═══ Input for this task ═══

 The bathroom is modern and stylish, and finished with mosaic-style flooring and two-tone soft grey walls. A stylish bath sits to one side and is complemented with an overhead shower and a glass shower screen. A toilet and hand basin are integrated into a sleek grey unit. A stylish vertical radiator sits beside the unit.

═══
═══ Input for this task ═══

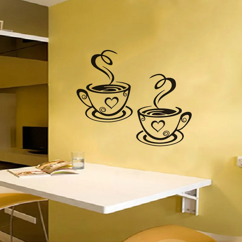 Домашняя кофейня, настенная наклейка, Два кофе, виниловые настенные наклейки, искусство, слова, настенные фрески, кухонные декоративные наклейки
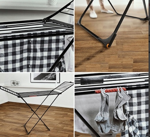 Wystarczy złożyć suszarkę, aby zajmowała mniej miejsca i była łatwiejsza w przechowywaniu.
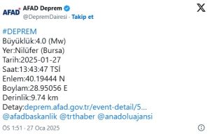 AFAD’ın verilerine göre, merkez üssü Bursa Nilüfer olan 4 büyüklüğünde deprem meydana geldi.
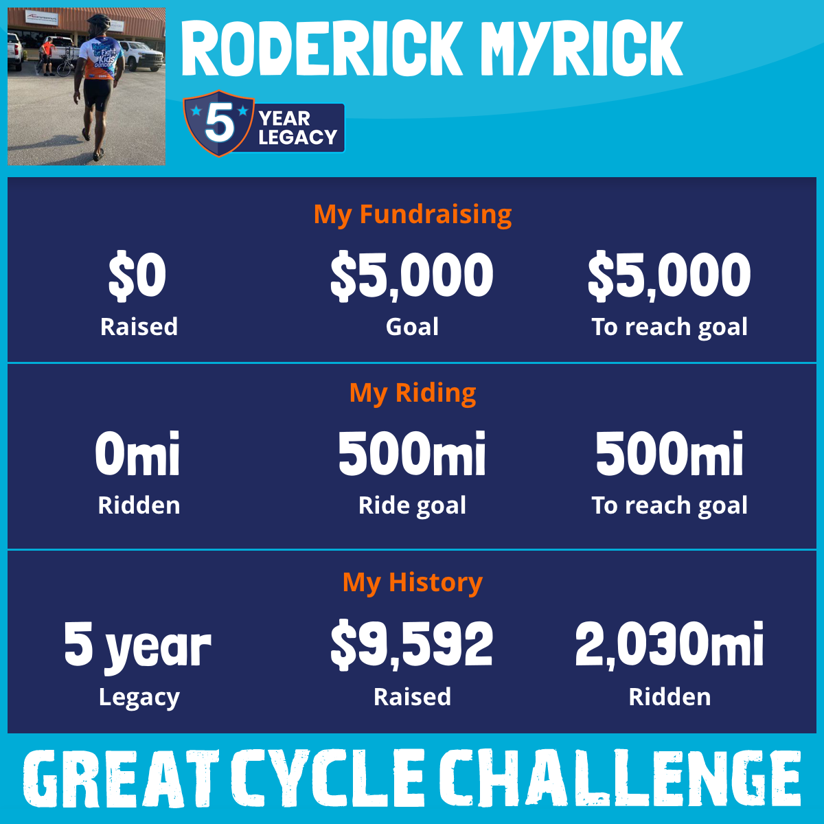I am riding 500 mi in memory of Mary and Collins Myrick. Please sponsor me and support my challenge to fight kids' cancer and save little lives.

═══
═══ Input for this task ═══

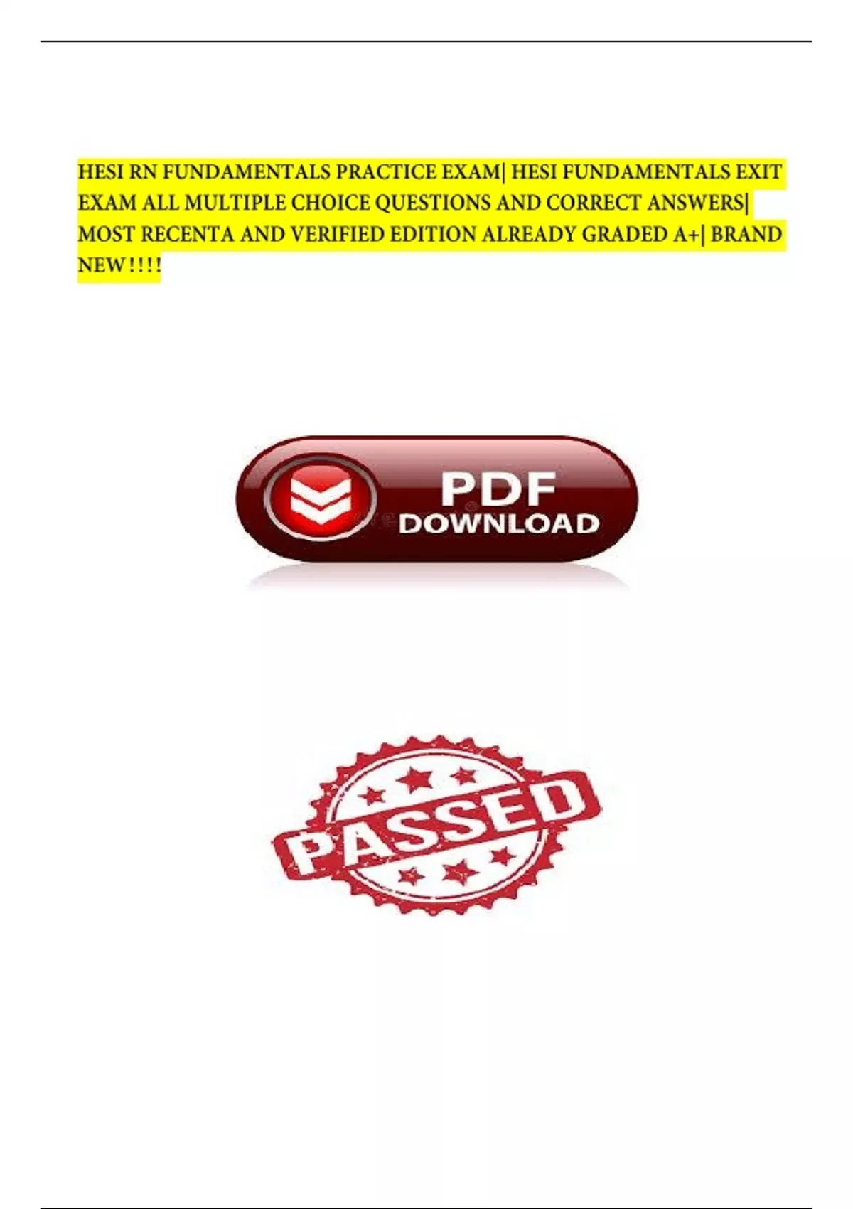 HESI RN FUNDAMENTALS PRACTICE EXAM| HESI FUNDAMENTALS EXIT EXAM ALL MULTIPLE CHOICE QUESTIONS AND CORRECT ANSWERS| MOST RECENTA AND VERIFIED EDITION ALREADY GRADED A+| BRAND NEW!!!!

═══

## Task item:
Without the pictures, set down the lines above from the line with "AFAD’ın verilerine göre, merkez" up to and including the line with "I am riding" exactly as they stand.

## Solution below:
 AFAD’ın verilerine göre, merkez üssü Bursa Nilüfer olan 4 büyüklüğünde deprem meydana geldi.
I am riding 500 mi in memory of Mary and Collins Myrick. Please sponsor me and support my challenge to fight kids' cancer and save little lives.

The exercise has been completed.